Interstellar travel via black holes will never happen. Ever. It's not possible to survive the event horizon of a black hole, and there is nothing at all that indicates black holes lead anywhere other than a warped pocket of space-time where everything is crushed and nothing escapes.

If humanity ever leaves this planet, it will be via sub-light drives, like ramscoops or something very similar to ramscoops, and it will take decades and centuries to get to other star systems. The science cannot get us from Point A to Point B any faster than .99c (slower than light), but what it CAN do is make the long journeys survivable by a combination of time dilation at relativistic speeds (going so fast that time on the moving ship almost stops) and longevity technology.

The distances between the stars are so great that none of us are wired to comprehend things on that scale, and we literally have no context through which to understand the enormity of those distances. There's just nothing in our human experience that even comes close in comparison.

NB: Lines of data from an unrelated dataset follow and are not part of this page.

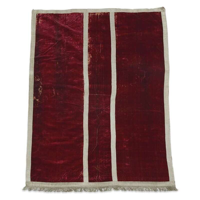 AN ITALIAN SILK VELVET DOOR HANGING WITH GOLD BRAID AND FRINGE 17th century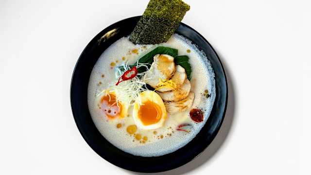 - Caldo de molho de soja, entremeada, ovo, menma e pak choi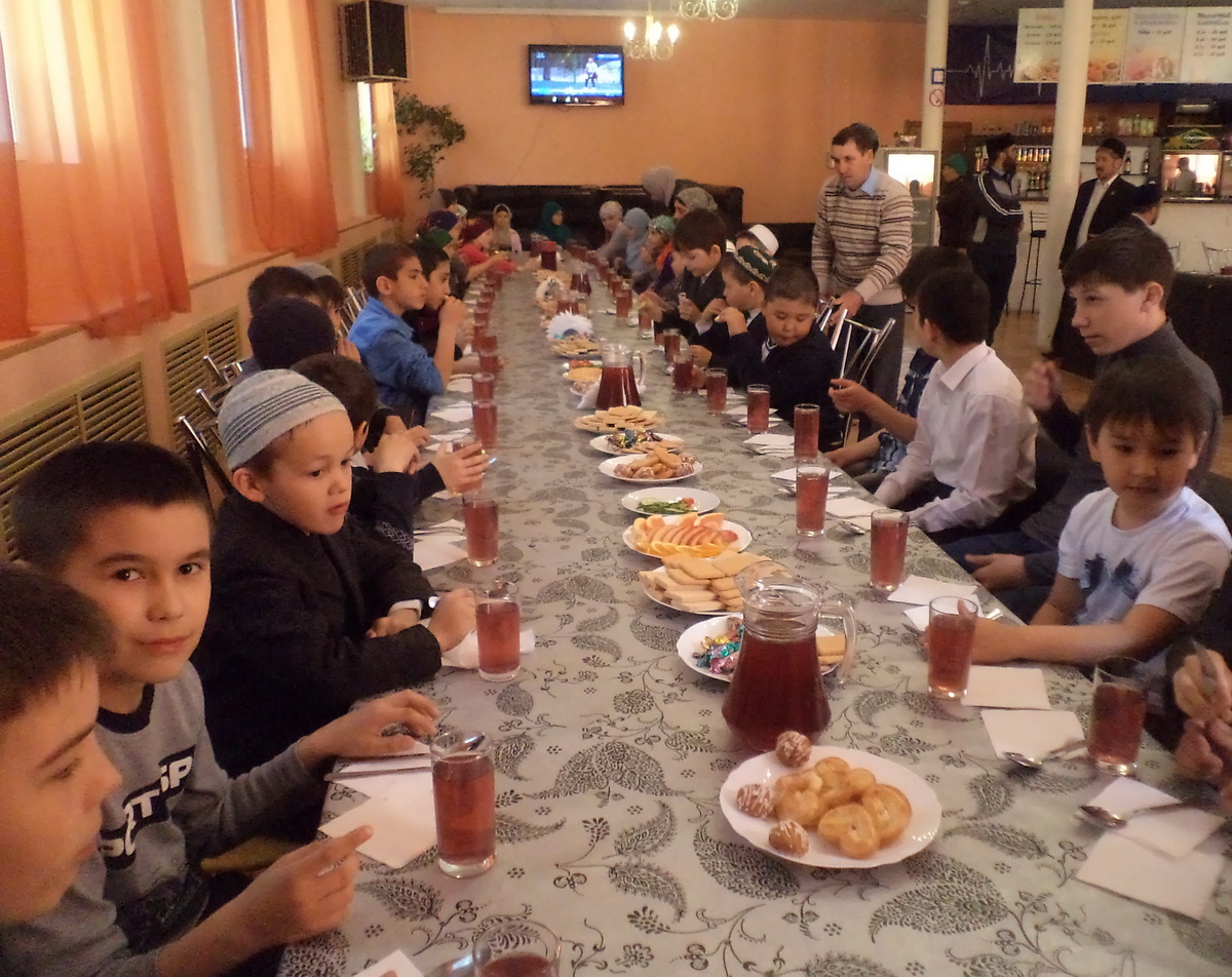 После совместного обеденного намаза торжество продолжилось в местном кафе, где детей помимо традиционных мусульманских блюд угостили мороженым.

The earlier replies in this thread are correct, Hawking and Einstein are responsible for making things like GPS, cell phones, and quantum computing possible. They also paved the way for things like the Large Hadron Collider, which will help us reveal the "source code" of the universe, and fusion technology, which we're on the cusp of right now.

At some point, someone is going to unify relativity and quantum theory, big and small, and when that happens an entirely new realm of possibilities will be unlocked.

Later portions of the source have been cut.